А потерпевший поражение Иннокентий немедленно вступил в переговоры с Филиппом, предложив тому высказать свои претензии к Римской церкви, если таковые имеются. Однако благородный Филипп не собирался поминать былых обид, мало того, он был готов поддерживать Церковь, собираясь выделить средства на новый крестовый поход.

– Растроганный Иннокентий тут же предложил Филиппу выдать его дочь, помолвленную прежде с баварским пфальцграфом Оттоном Виттельсбахским[46], за своего племянника. Король согласился. Об этом стало известно летописцу и честнейшему человеку в империи Бурхарду Уршпергскому – вашему отцу, Анна и Константин! Приветствуйте его стоя! – орал Вальтер.

– В этом и заключалась роковая ошибка несчастного короля. 21 июня 1208 обиженный отказом жених заколол Филиппа в епископском дворце в городе Бамберге, – Фогельвейде рубанул в воздухе культей.

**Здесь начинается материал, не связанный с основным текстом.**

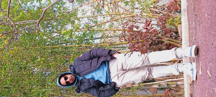 A single male subject is depicted standing outdoors in Rabat, Morocco. The individual is positioned frontally, looking towards the viewer, with his hands in the pockets of his pants. He wears dark sunglasses, a light blue hooded sweatshirt with the hood up, and a dark blue or black puffer jacket. A dark-faced watch is present on his left wrist. He wears white sneakers with blue accents. The background features a dense growth of tall, green bamboo stalks, with additional plants exhibiting reddish foliage to the lower right. The subject stands on a reddish-brown, textured ground surface, which is separated from the background foliage by a light-colored horizontal curb. Bare tree branches are partially visible against a light sky above the bamboo.

– Так свершился Божий суд! Бом-бом! – запел оруженосец, изображая, будто раскачивает язык большого колокола. – Бом-бом…

– Но он не принес короны четырнадцатилетнему Фридриху, в очередной раз водрузив ее на свинорылого Оттона! – выкрикнув последнюю фразу, трубадур схватился за сердце и, побледнев, упал на пол.

В очередной вспышке молнии картинка с истекающим кровью королем вспыхнула и тут же погасла. На полу, в луже красного вина, лежал потерявший сознание Фогельвейде…

* * *

На следующий день все свидетели наваждения проснулись в своих постелях.

– Ох и сильно же я перебрал вчера за ужином! – сокрушался оруженосец.

Трубадур был непривычно молчалив. Одна только Анна болтала без умолку о красоте папского облачения, и как понравился ей приснившийся ночью собор и огромный зал с дивными гобеленами. Понимая, что все они в эту ночь видели во сне одно и то же, взрослые подавленно молчали, а Константин едва не помер, обнаружив на столе исписанные своим почерком листки.

– Этот замок носит имя «Грех», и все мы грешим, даже просто находясь здесь, – объяснил происходящее Рудольфио, пришедший забрать очередную порцию записок.

– Доложите, пожалуйста, сеньору, – зачесав пальцами всклокоченные со сна светлые с обильной проседью волосы и горделиво выпрямив спину, Вольфганг Франц выступил перед Рудольфио, точно произносящий вызов рыцарь, – что мы не желаем больше быть свидетелями дьявольских наваждений и…

– И что? Покидаем этот негостеприимный замок? – рассмеялся Рудольфио. – Хотел бы я знать, как у вас это получится?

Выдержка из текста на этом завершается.